All the same, there are still a few problems:
1. If there is white space before the keyword 'password',
the sharp handling is bypassed. For example,
the following line is parsed as password='very'
instead of password='very#secret':
user=joe, password=very#secret my.host # special password!
2. If there is whitespace behind the password, the rest of
the line is lost, including any trailing backslash.

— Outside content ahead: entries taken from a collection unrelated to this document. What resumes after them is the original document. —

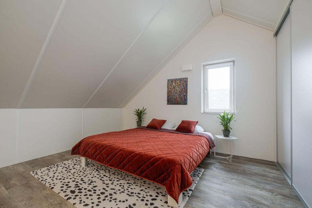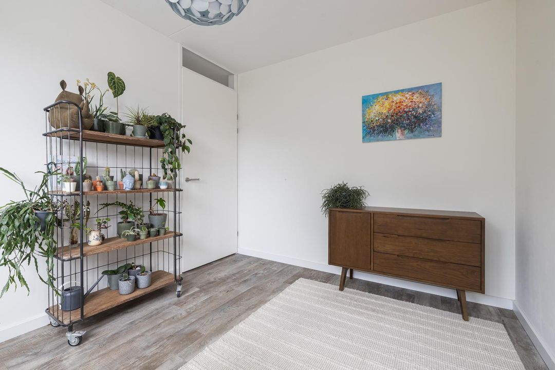 Via de overloop toegang tot drie slaapkamers en de badkamer. De eerste slaapkamer van ca. 6m2 aan de achterzijde is uitstekend geschikt als kinderkamer of werkruimte. De tweede slaapkamer van ca. 15m2 biedt een mooi uitzicht over de tuin, terwijl de derde slaapkamer van ca. 12m2 aan de voorzijde is gelegen. Alle kamers zijn strak en praktisch ingericht, wat een verzorgde indruk geeft.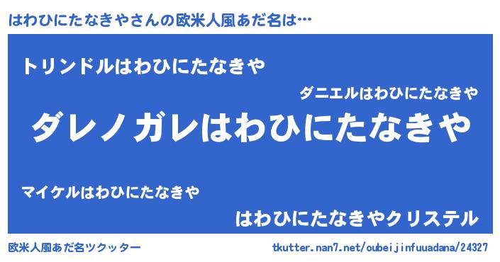 | 男性向けラノベタイトル風あだ名 | 『この素晴らしい世界にはわひにたなきやを!』 |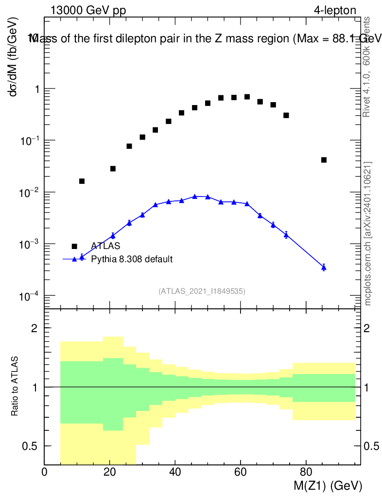 Lines: data, pythia8 8.308 default |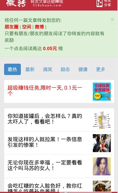 2.通过阅读分享赚提供的搞笑,娱乐,养生,理财,图片,心灵鸡汤知识等内容并分享到自己朋友圈,只要有好友阅读即可获得相应的现金,当现金到达20元是就可以通过支付宝或微信提现了;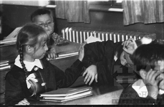 diák iskola általános iskola tanterem ünneplő iskolapad Szekszárd Tolna megye Magyarország 1968 Bakó JenőFotó részletei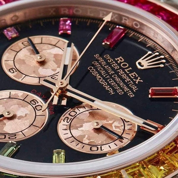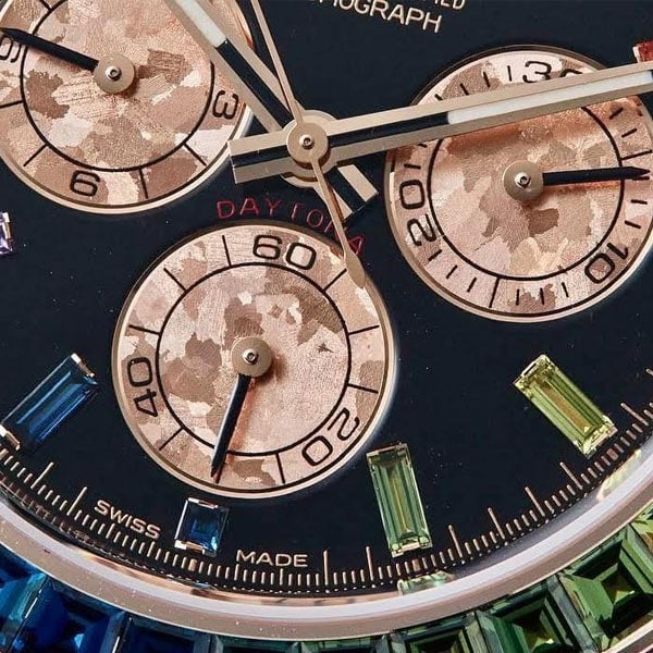 文字盤:文字盤インデックスに11個のバケットカットカラーサファイアをセット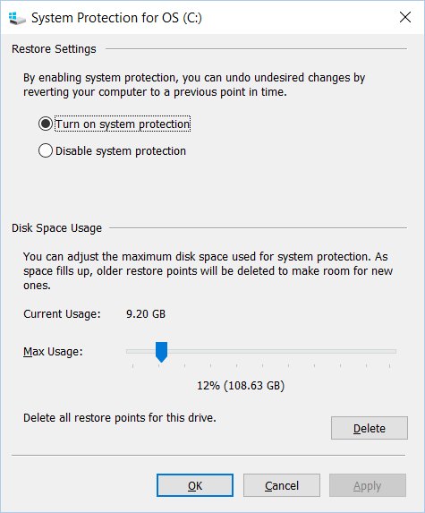 After turning the system protection on set the Max Usage, I set mine to about 10% give or take. Click apply then ok.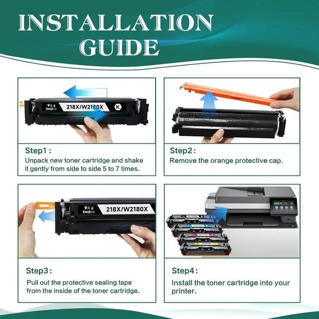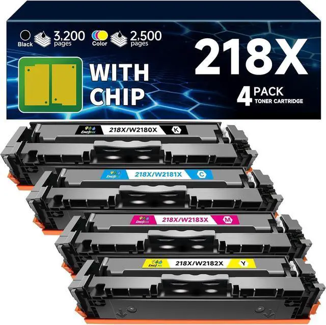 Package Contains : 218X Toner Cartridges for HP 218X Toner Cartridges 4 Pack Combo Set.Includes 1x 218X W2180X black toner, 1x 218X W2181X cyan toner, 1x 218X W2182X yellow toner, 1x 218X W2183X magenta toner (218X Toner Cartridges 4 Pack with Chip)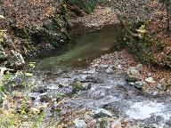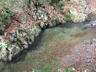 日光が水底まで透過して、澄んでいる流れが綺麗だ
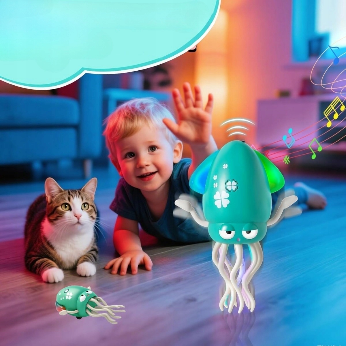 Познакомьтесь с удивительным интерактивным осьминогом «Электрический кальмар», который приведет в восторг каждого ребенка! Эта энергичная игрушка может стоять, лежать, ходить и двигать щупальцами в ритме веселых звуков и мигающих огней. Это идеальное предложение для маленьких исследователей от 3 лет, которые любят движение, цвет и музыку!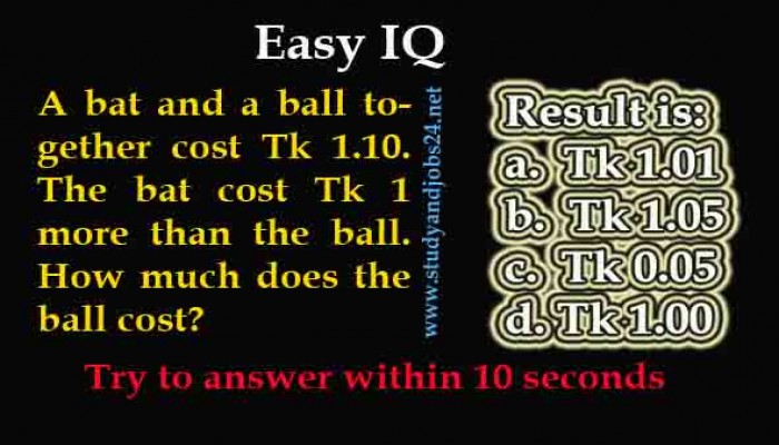 A bat and a ball together cost Tk 1.10.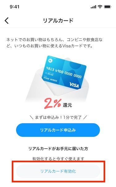 2.リアルカード有効化をタップします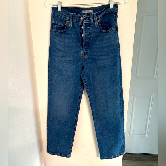 Great condition ! Button front , size 28 and measure Waist 14-1/2” Rise 12” measured to TOP of waistband. Inseam 26” . Width at cuff 8” .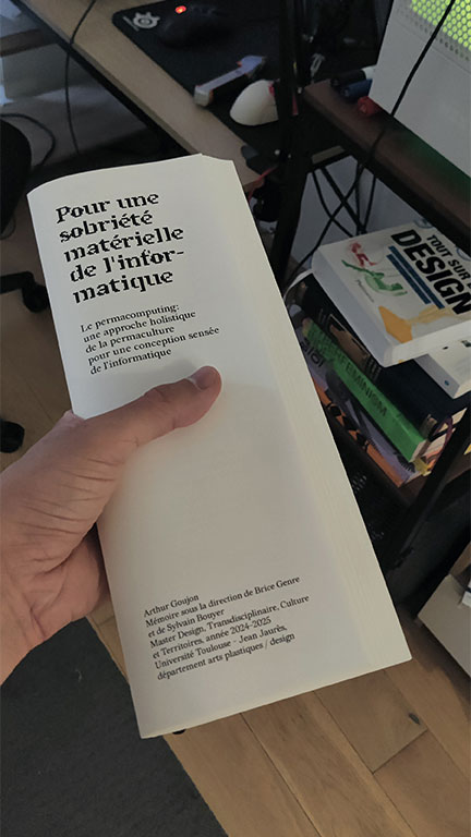 Les limites planétaires et la décroissance soulignent la nécessité urgente de repenser fondamentalement nos modes de consommation et de production, afin de préserver les ressources limitées de notre planète et de minimiser notre impact sur l’environnement. Dans ce contexte, le permacomputing émerge comme un mouvement novateur qui cherche à intégrer les principes de la permaculture, (durabilité, rendement et résilience) dans le domaine de l’informatique et de la technologie. Au cœur du permacomputing se trouve la conscientisation de notre utilisation des machines et des chaînes de production des technologies informatiques. Ce principe vise aussi à contrer l’obsolescence programmée, c’est-à-dire le fait délibéré des industriels de créer des objets à dates de péremption sans possibilité de réparation. Cela implique pour le permacomputing de privilégier les solutions modulaires et réparables, ainsi que de favoriser le réemploi des équipements informatiques plutôt que leur remplacement constant. Dans cette optique, une longévité programmée est encouragée, mettant l’accent sur la conception de produits électroniques facilement réparables. Il s’agit donc de l’importance que nous donnons à nos objets. Comment alors changer notre point de vue sur et la distinction sociale de nos ordinateurs portables, grâce à des objets non plus de cherté, mais des objets de fierté ?

For example, with the following pair of lines, password=secret
is parsed into the global scope, and user=joe starts a new
host line.
password=secret, \
user=joe my.host
3. The worst problem is that passwords containing white space
cannot be used. Escaping them is not possible.
For example, the following line is parsed as password='very'
instead of password='very secret':
password=very secret
At this point i stopped checking, maybe passwords containing the
comma character also cause trouble.
The patch included below fixes all this by parsing the passwords
into a temporary hash and feeding them back once the main parser
has finished splitting on whitespace and commas.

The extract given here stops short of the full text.